IP Cases & Articles

G 1/22 & G 2/22: EPO significantly softens stance on formal entitlement to priority

This consolidated decision of the European Patent Office (EPO) Enlarged Board of Appeal represents a significant softening of the EPO’s historical stance on assessing formal entitlement to priority.

Moreover, while the question of the validity of the Patent Cooperation Treaty (PCT) joint applicants approach was left open, such situations were held to benefit from an implied agreement absent substantial indications to the contrary that should lead to the same outcome in most cases.

Background

The EPO has historically taken a strict approach when assessing formal entitlement to claim priority, particularly regarding the identity between the applicant(s) of an application and the applicant(s) or their successor(s) in title of an earlier filing from which priority is claimed.

While acknowledging the term “any person” recited by Article 4A(1) of the Paris Convention for the Protection of Industrial Property (mirrored in Article 87(1) of the European Patent Convention) to be ambiguous, EPO Boards of Appeal have consistently held that all applicants named on a priority application, or their successors in title, must be named on the subsequent application claiming priority.
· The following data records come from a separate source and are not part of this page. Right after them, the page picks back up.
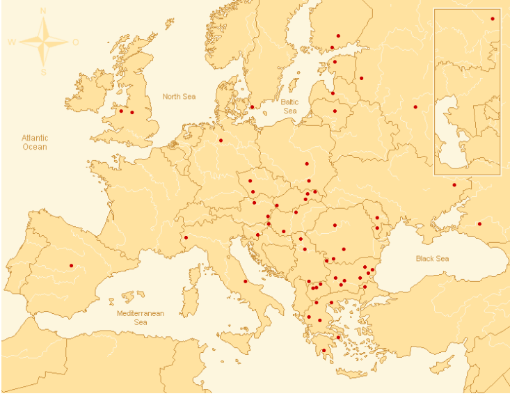
Resim 1: Romanî Konuşulan Bölgeler (Yaron Matras) 1
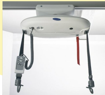
Συμπαγής μονάδα ανύψωσης
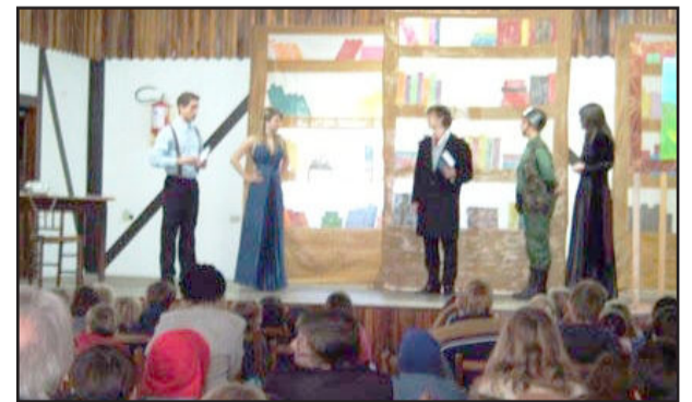
Teatro agradou pequenos e adultos
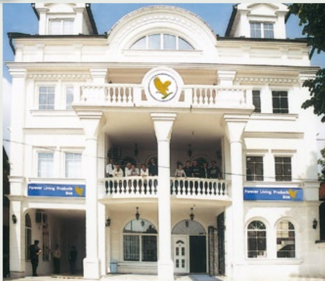
Kancelarija u Bijeljini
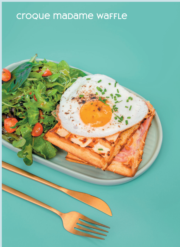
CROQUE MADAME WAFFLE
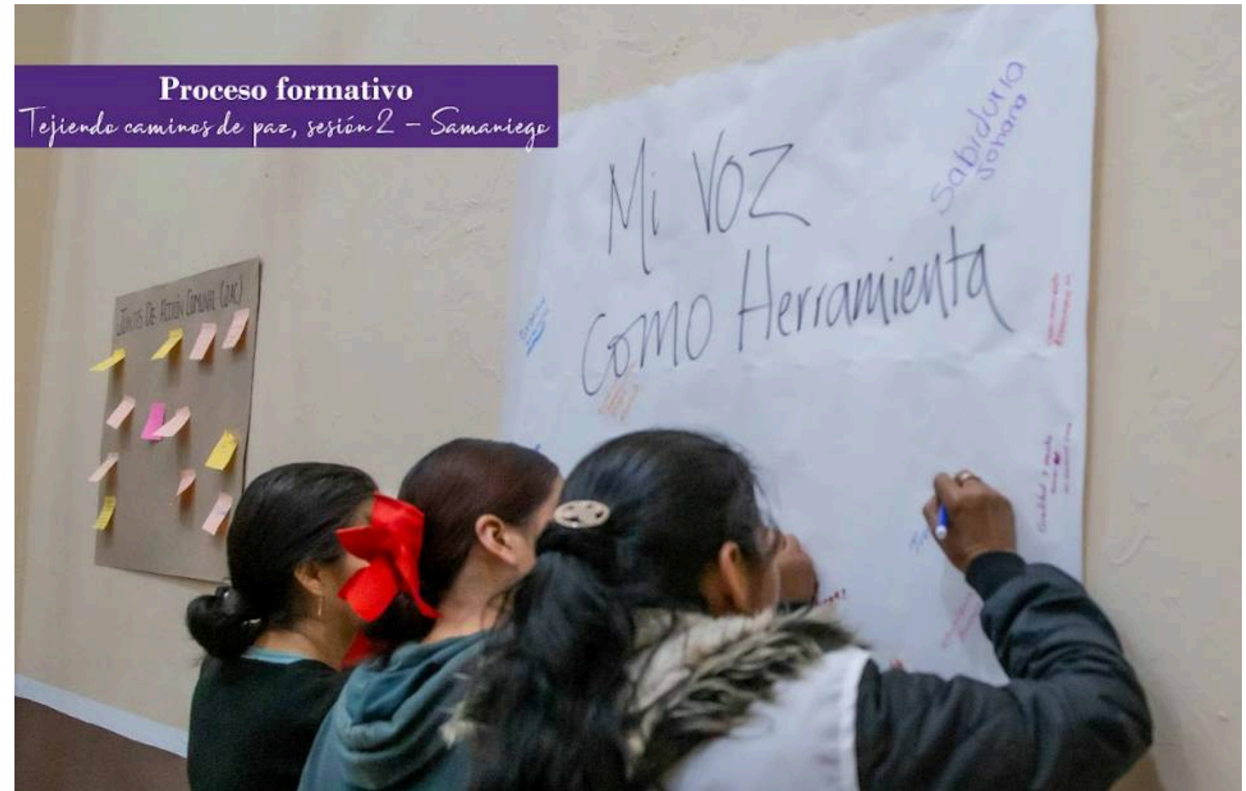
Proceso formativo: Tejiendo caminos de paz
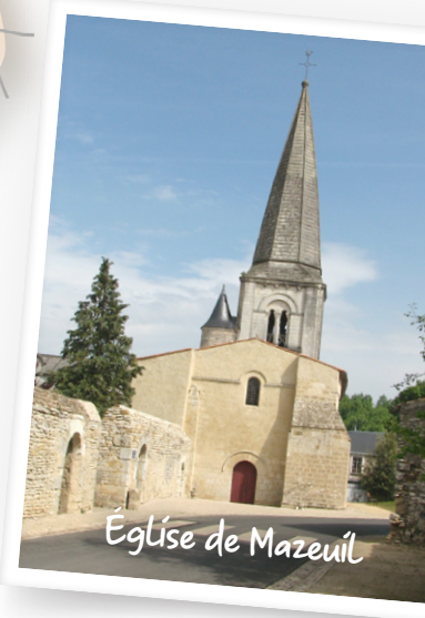
Église de Mazeuil
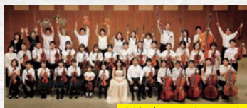
大津ジュニアオーケストラ
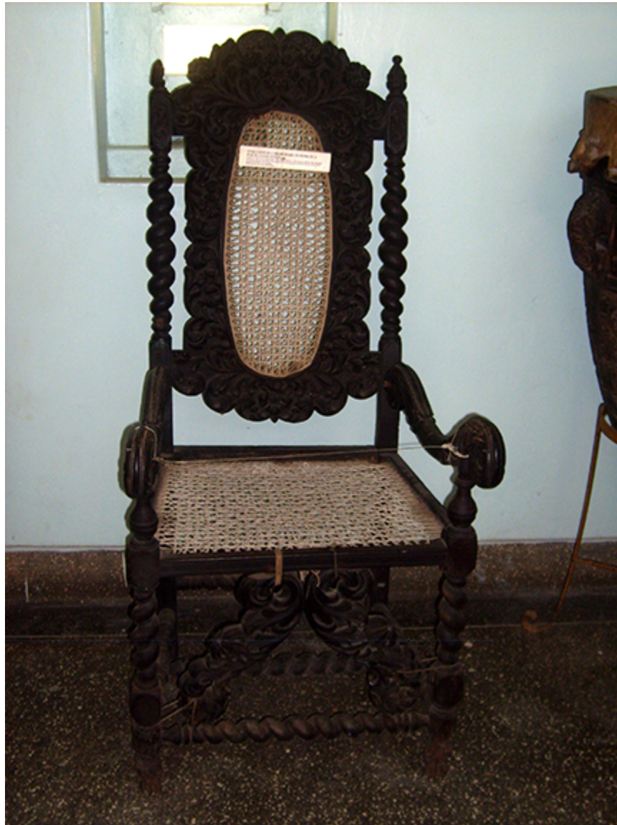
Fotel indo-portugalski w muzeum Fortu w Mombasie.
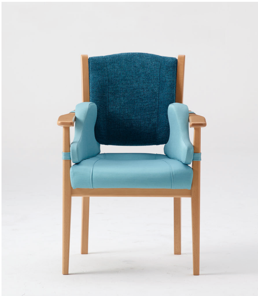
張材：背/B51-04 →P.219、座・クッション/B30-09 →P.215
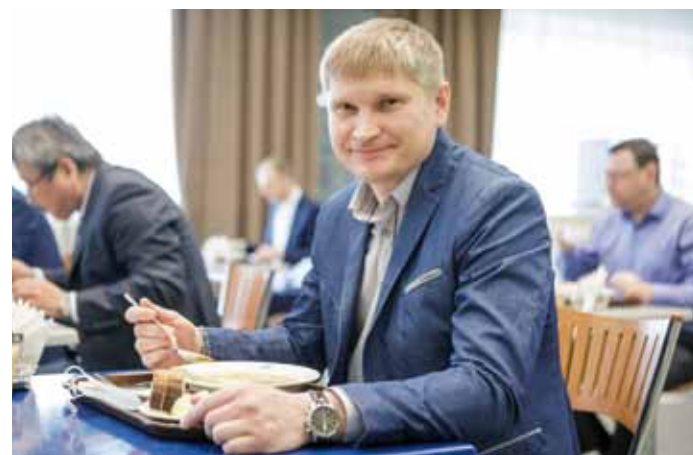
Обед – по расписанию
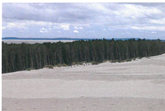
Lontzke Düne, Lebasee
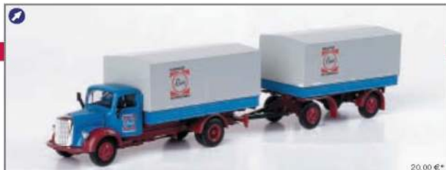
150323 MB L 311 Planen-Hängerzug „Riwatrans“ MB L 311 canvas trailer „Riwatrans“
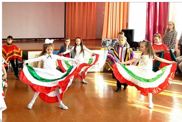
Ученики 1 «Е» в роли молодых мексиканцев

переливающиеся в разные темпы, красочные и солнечные костюмы, подчеркивающие жизнерадостность и любовь к жизни мексиканцев» – вот что понравилось ребятам! Во время репетиций они сразу же прониклись интересом к танцу и культуре этой далекой и яркой страны. Дружная подготовка, мастерство ребят, техническая точность, партнерская согласованность позволила создать потрясающий номер!
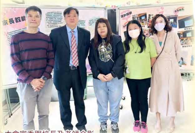
本會家委跟校長及老師合影

本校於2023年12月9日舉辦了全天的開放日。本會的攤位設有歷年活動回顧及家長心聲展板。為了提升親子氛圍，特設簡單小手作攤位供參觀者製作香包，讓他們可作親子手作活動。
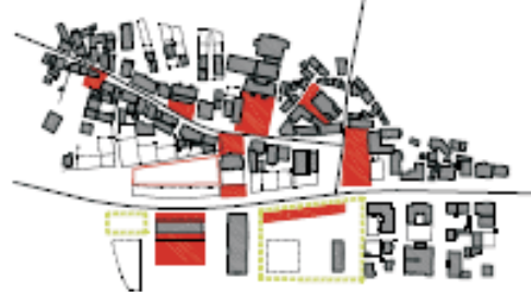
Postojna - mesto trgov

Elaborat rešuje območja ločeno predvsem s predlogi intenzivnejši novogradnji in širitev obstoječih programov v smislu zgoščanja stavbnega tkiva.
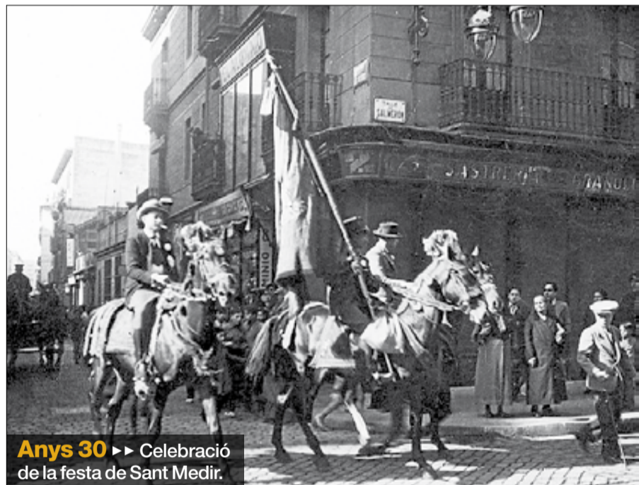
Anys 30 ►► Celebració de la festa de Sant Medir.
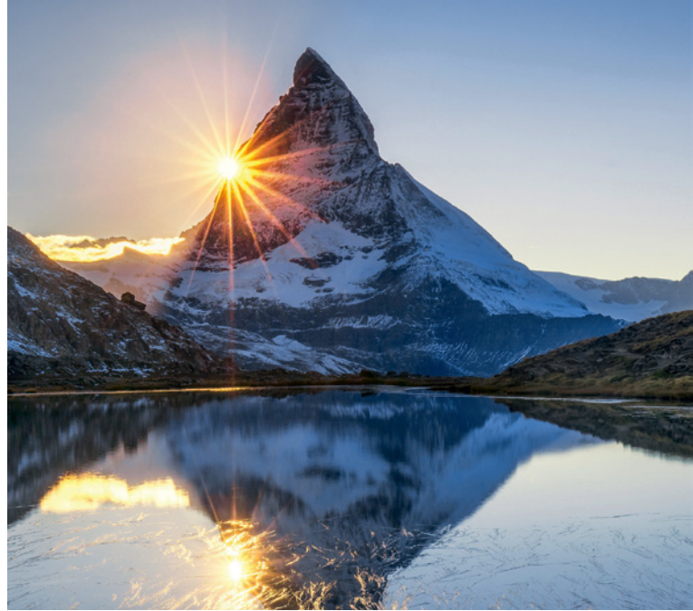
Matterhorn und Riffelsee
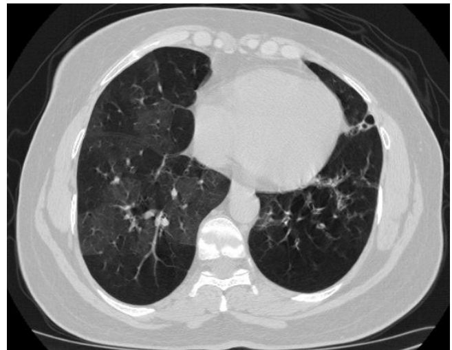
Şekil 2: YÇBT Parankim Penceresi; YÇBT'de hava hapsi alanları ve bronşektazik değişiklikler.

nırlarda izlendi. Akciğer hacimleri TLC: %92, RV: %140 ve RV/TLC: %51 saptandı. Yüksek çözünürlüklü bilgisayarlı tomografisinde (YÇBT) sol pulmoner arter ve dallarının kalibrasyonu sağa kıyasla belirgin azalmış, hiperlüsens akciğer görünümü vardı. Ayrıca solda daha belirgin olmak üzere bilateral alt loblarda bronşektazik genişlemeler ve beraberinde hava hapsi görüldü (Şekil 2). Akciğer perfüzyon sintigrafisi'nde sağ akciğer üst lob apikal ve posterior, alt lob süperior, lateral ve bazal segmentlerde; sol akciğer alt lob süperior, alt lob bazal ve süperior segmentlerde multiple alanda segmental-subsegmental perfüzyon defektleri izlenmiştir (Şekil 3).
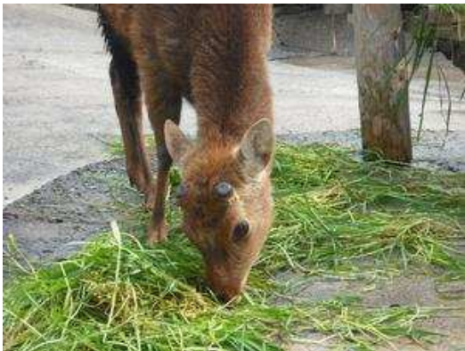
平成22年4月19日 伸び始めました。
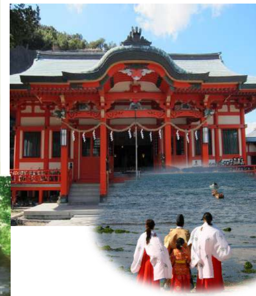
淡嶋神社の雛流し
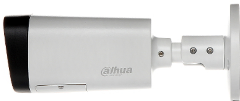
Widok od strony mocowania:
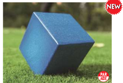
104 キューブ型ティマーク 100×100mm 再生プラスチック製 足:65mm ステンレス製 色:赤、白、青、黄、緑、黒 再生プラスチック製のティマークが登場しました。10cm四方の正六面体で、スパイク足は面と面の接点に取り付けられており、美しいティグランドを演出致します。また、ツヤなしの色合いなので、自然にマッチします。
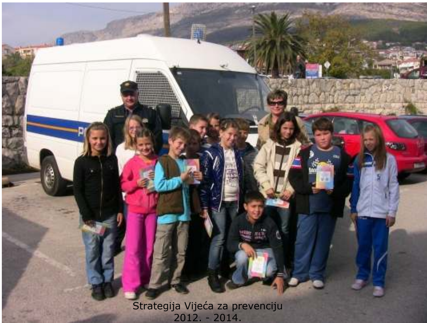
Strategija Vijeća za prevenciju 2012. - 2014.
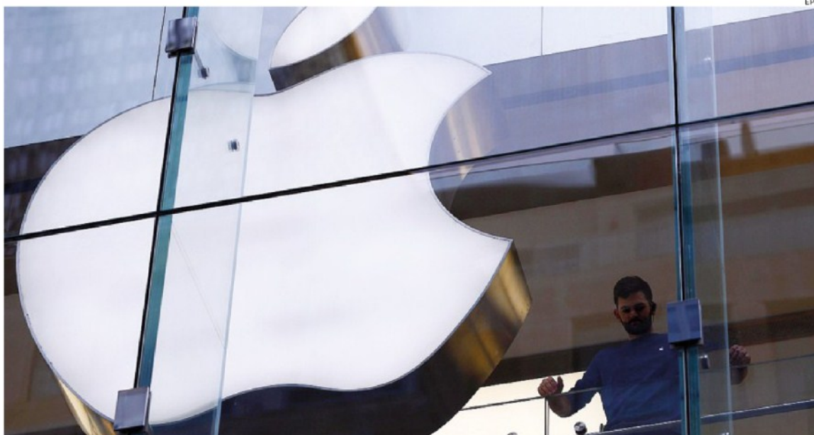
La partita sui contenuti. Apple alza a 6 miliardi di dollari gli investimenti per le produzioni originali destinate allo streaming
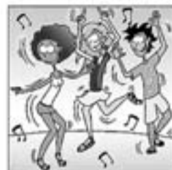
12. ... de ressò internacional que engresquen el personal.
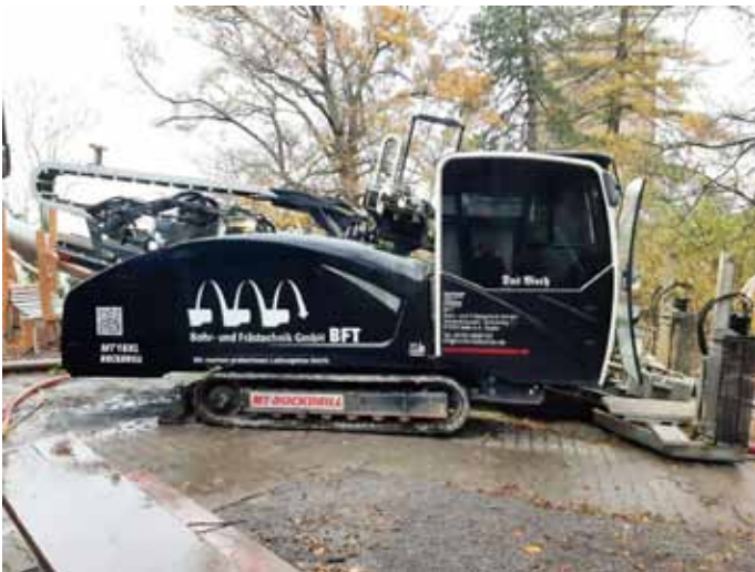
Spülbohrgerät der Firma Lorenz Bau

Das Kiosk am Schloßberg wird an die öffentliche Abwasserentsorgung angeschlossen. Hierfür findet momentan eine Spülbohrung vom Schloßberg in die Alte Steige statt. Die Spülbohrarbeiten haben am Montag begonnen und werden voraussichtlich am Freitag abgeschlossen sein.
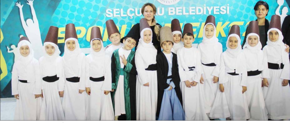
Mustafa Karacığın İlkokulu anasını ve 3. sınıf öğrencilerinin düzenlediği sema gösterisi, beğeniyle izlendi.

Biliyorsunuz, bu yıl Hz. Mevlana'nın vuslatının 744. yıldönümü. Hz. Mevlana'nın şehri olan Konya'da her yıl uluslararası çeşitli etkinlikler dü-
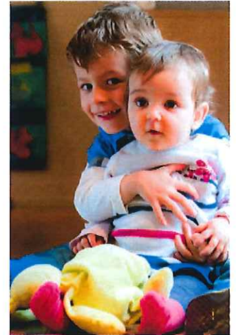
... et où ils apprennent beaucoup sur les règles de vie en société et réalisent de nombreuses activités, tout en s'amusant !

La piscine à boules ! Il aime aussi beaucoup les excursions au marché de Morges qui, non seulement leur apprennent les fruits et légumes de saison, mais aussi les règles de sécurité routière. Il adore les bricolages et l'atelier cuisine. L'équipe éducative est excellente, très professionnelle, à notre écoute et à l'écoute des besoins des enfants. Chaque soir, nous avons un compte-rendu détaillé de comment s'est passée la journée et on travaille ensemble sur les points à régler tant à la maison qu'à la crèche. La communication est excellente !
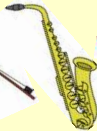
管楽器リペアマン
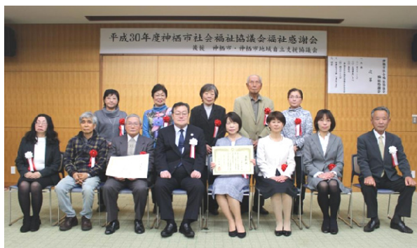
受賞者のみなさん

期 日 平成31年2月16日（土） 場 所 保健・福祉会館 研修室 内 容 表彰式典及び記念映画上映会 『真白の恋』 参加者 71名（前年度の参加者 137名）
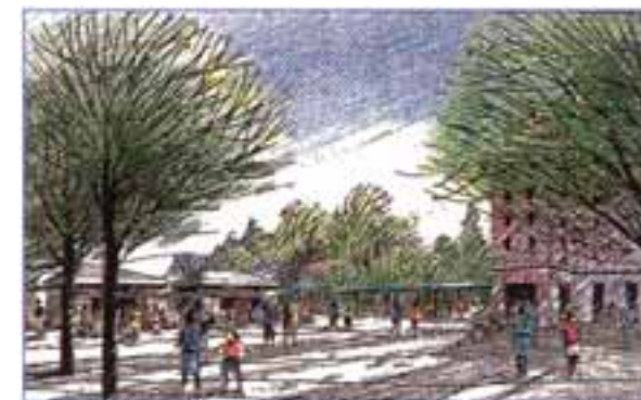
多目的広場のパース
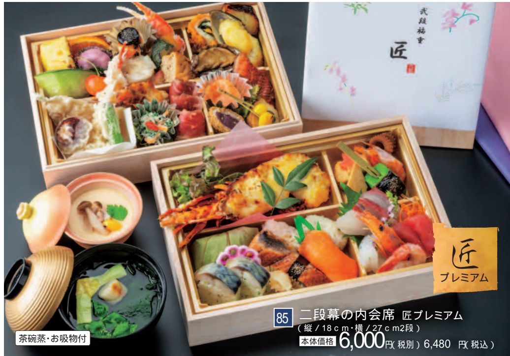
85 二段幕の内会席 匠プレミアム (縦 / 18 cm・横 / 27 cm 2段) 本体価格 6,000円(税別) 6,480円(税込)
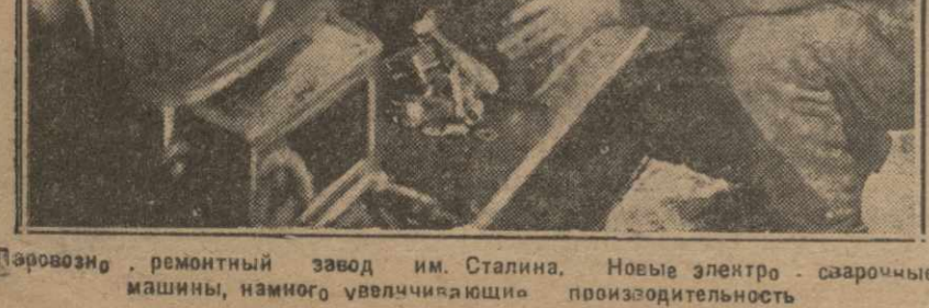
Порозови, ремонтный завод им. Сталина. Новые электро-защитные машины, много увеличивающие производительность.

Хозяйственные затруднения преодолеем В заключение конференции было принято решение о проведении систематического инструктирования парторганизаторов. Это позволит им лучше ориентироваться в своей работе и выполнять ее качественно.

Moreover, Boards of Appeal have consistently held that any transfer of the priority right must be effected before the filing date of the priority-claiming application.

Given this strict stance, it has been suggested that third parties in EPO opposition procedures have increasingly sought to attack formal priority entitlement, with the aim to knock out a patent in view of novelty-destroying intervening disclosures. Where entitlement has been challenged, it has generally been up to the proprietor to demonstrate that there was a valid transfer of the priority right before the filing date of the later application.

A high-profile example is T 0844/18, an appeal against the revocation of one of the Broad Institute’s key CRISPR-Cas9 patents (EP 2771468 B). EP 2771468 B claimed priority from multiple earlier applications, the first two of which named an applicant-inventor not named on the subsequent priority-claiming PCT application. The Board of Appeal held that there was no evidence of a transfer of the rights of said applicant-inventor before the filing date of the subsequent application. Consequently, the patent was not entitled to priority and was revoked in view of novelty-destroying intervening disclosures.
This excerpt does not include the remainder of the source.